Healthy Living: Local News
Alzheimer’s /Dementia: Tips for the Holidays
Story Updated: Nov 23, 2010
The Holiday Season is upon us with gift giving, family gatherings, and Holiday parties. It continues to gain momentum till the end of the year. While the Holiday season is meant to create love and cheer, even those who don’t have Dementia will admit to increased Holiday stress. For those who have Dementia/Alzheimer’s the season can bring with it altered behaviors and increased confusion.
- The Holidays can be just as enjoyable with simplification. Bake 2 dozen cookies instead of 10 dozen. Decorate with fewer decorations and avoid using decorations with blinking lights for they add to confusion and disorientation. Keep safety in mind and avoid using artificial fruits and candies that could easily be mistaken for edible food.
- A person with Dementia finds routine to be comforting and less confusing, so maintain their routine and plan activities at your loved ones best time of day.
- Everyone enjoys participating in holiday activities even someone with dementia. Involve them with simple tasks such as measuring flour or stirring the batter during baking preparation, opening holiday cards, wrapping presents, etc. Remember the process is the most important rather than the end result.

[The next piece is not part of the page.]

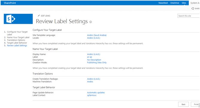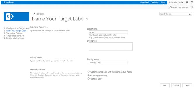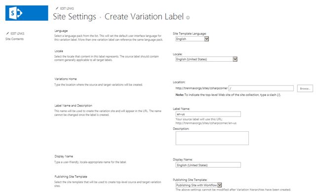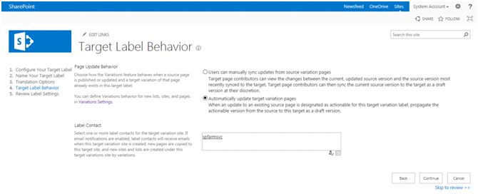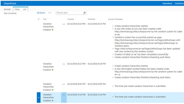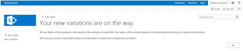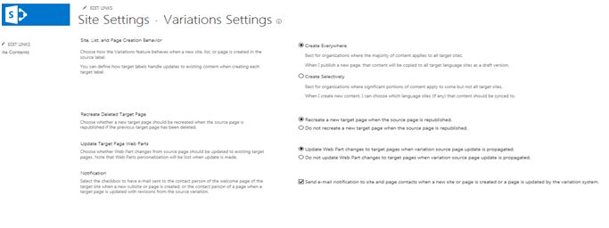Creates a complete variations hierarchy by creating all variation sites, lists and the pages from the source variation site, based on the variation labels. By default, this timer job runs hourly.

- Plan holiday gatherings in a home that is familiar to the person with Dementia but not in their own home. This reduces the caregiver’s stress and allows them the ability to leave the gathering at any time. Large gatherings with spirited conversation and loud music can add to confusion for someone with Dementia. Planning small family gatherings with soft music will be less disruptive for a person with Dementia. If you do plan on entertaining in your home, minimize anxiety for those with dementia by arranging for family members to come over in small groups and on different days. A person with Dementia is more likely to welcome small groups but be overwhelmed with a group that is large.
- Preplan the menu for the holiday gathering and delegate each dish to individuals who will be attending. This will eliminate additional noise in the kitchen and allow the party to stay on schedule.
- When family members and friends offer to assist you with cleaning or other tasks, take them up on it.
The wonderful thing about holiday stress and pressure is that is predictable. We know when holiday stress will begin and when it will end. Therefore we can reduce holiday stress for ourselves and our loved one with Dementia by just following these simple tips for the holidays.